Anders als von Arcandor-Finanzvorstand Rüdiger Günther dargestellt, besitze Arcandor offenbar keineswegs mehr ein Eigenkapital von rund 1,2 Mrd. Euro, berichtet die Zeitung weiter. Seit dem letzten Konzernabschluss im September 2008 habe sich der Bestand dem PwC-Gutachten zufolge auf 177 Mio. Euro verringert. Dem Konzern drohe damit neben der Zahlungsunfähigkeit auch die Überschuldung, sollte der Konsortialkredit bis zum 12. Juni nicht wunschgemäß verlängert werden.
Dem PwC-Papier zufolge rutschte der Betriebsgewinn (Ebit) von Oktober bis März auf minus 360 Mio. Euro. Unter dem Strich lag der Verlust bei 603 Mio. Euro nach einem Minus von 256 Mio. Euro im Vorjahreszeitraum. Ein Arcandor-Sprecher wollte die Zahlen gegenüber der Zeitung nicht kommentieren.

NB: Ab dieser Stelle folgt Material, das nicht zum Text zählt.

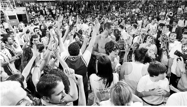
Los aficionados santiagueses celebran el ascenso.

Sie sollen erst am 18. Juni veröffentlicht werden.
KPMG sieht Sanierungsfähigkeit
Laut einem Gutachten der Wirtschaftsprüfungsgesellschaft KPMG kann Arcandor gerettet werden. "Nach unserer Auffassung ist das uns vorgelegte Konzept schlüssig und nachvollziehbar. Das Unternehmen ist unter den im Konzept genannten Bedingungen sanierungsfähig", zitiert die "Welt" aus dem Papier.
Die Kredit gebenden Banken hatten die Untersuchung dem Bericht zufolge in Auftrag gegebenen. Mit dem Gutachten solle überprüft werden, ob das von der Beratungsgesellschaft Roland Berger ausgearbeitete und von Arcandor-Chef Karl-Gerhard Eick vorgestellte Sanierungskonzept erfolgversprechend ist.
Voraussetzung für eine dauerhafte Sanierung seien laut KPMG beispielsweise "Beiträge Dritter", also vor allem der Verzicht von Lieferanten oder Vermietern auf Teile von Zahlungen. Auch Projekte wie der Verkauf der drei Premium-Warenhäuser KaDeWe, Alsterhaus und Oberpollinger innerhalb von drei Jahren seien notwendig.